Age 8: The Dolls' House

Rumer Godden was a gift given to me by my third grade teacher, Ms. Uyeda. At age eight, I read Godden’s book The Dolls' House obsessively. I loved to read about the painstaking restoration of the titular dollhouse—two little girls named Emily and Charlotte scraped a hundred years of “London grime” from tiny walls with a bristle-boar nailbrush; sewed real lace curtains for tiny windows; sanded tiny furniture; and embroidered tiny upholstery. And I loved its little doll family, who communicated with their human caretakers through silent wishes. Emily and Charlotte would look into their dolls’ faces and intuit all the feelings, wants, and needs that the dolls hadn’t the tools to express. Why couldn’t parents do this? Why couldn’t everyone?

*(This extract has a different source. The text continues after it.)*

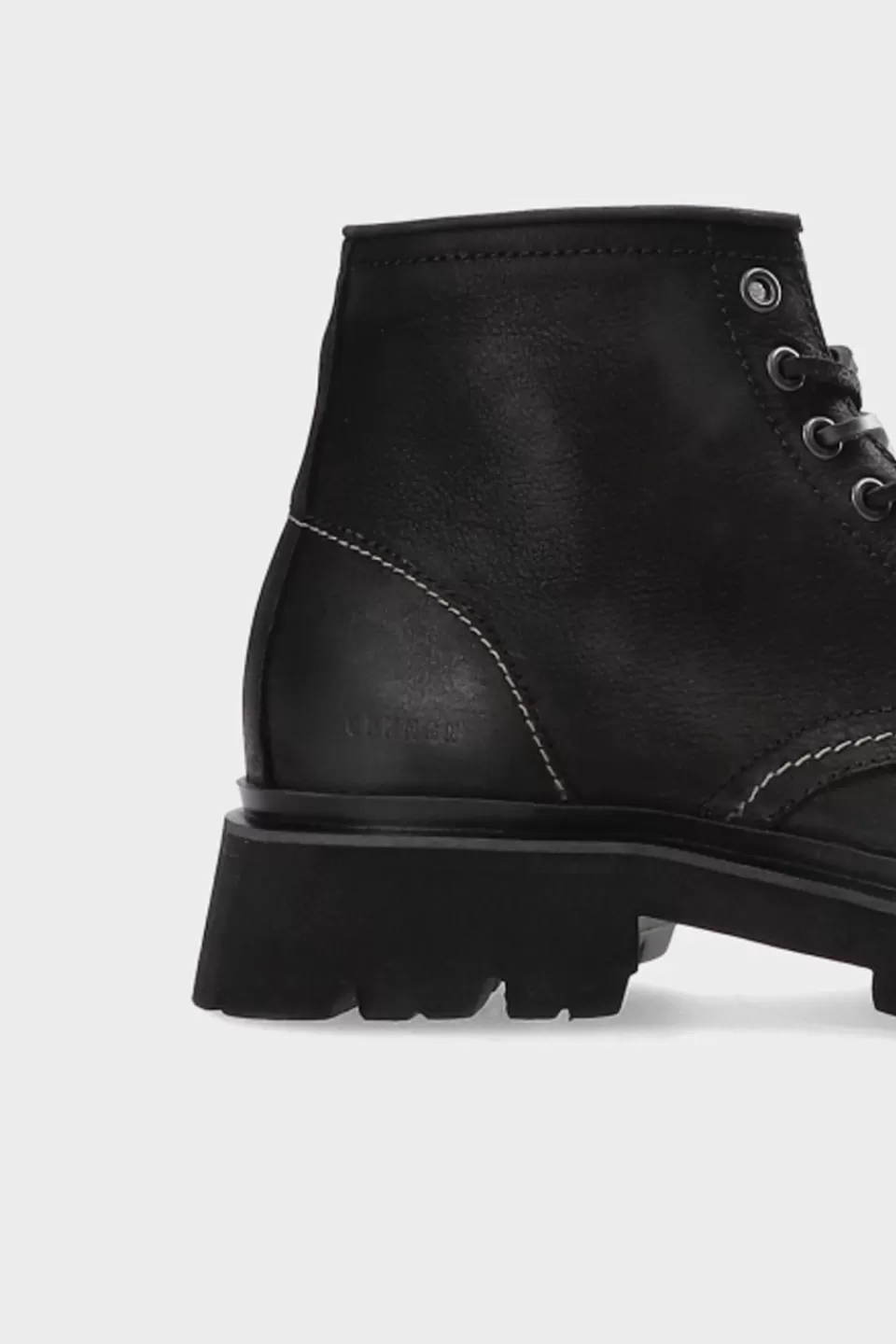 In Schwarz. Knöchelhohe Schnürstiefel aus gewachstem Nubukleder. Von Trekking-Schuhen inspirierte Silhouette. Minimalistische Elemente mit farblich abgesetzten Nähten und Stehsaumdetail. Logo an der Außenseite. Schnürung vorne. Leicht zulaufende Zehenpartie. Sportliche Sohle mit grobem Profil und Mudguard. Sportliche Schnürer für jeden Tag.

My favorite character was Tottie, the resilient little farthing doll made of strong, “good wood.” I wished to be like her. But when I reread this book recently, I was drawn to the father doll, Mr. Plantaganet. He is so human and so heartbroken, and his description, when I reread it, was vividly familiar, like something I myself had once written. Previously owned by careless children, Mr. Plantaganet was abused and thrown in a cupboard before the story’s heroines rescued him and restored his dignity. “He did not seem to belong to anyone,” Godden writes. “His eyes were full of dust.” These may be the saddest lines in all of fiction.

More tragic still is the story’s climax: the self-immolation of the mother doll, Birdie, who throws herself on a candle flame and is instantly obliterated. This scene did not make me cry (I never cried from books), but it did fascinate me, and made me hum all over with a delicious kind of sorrow.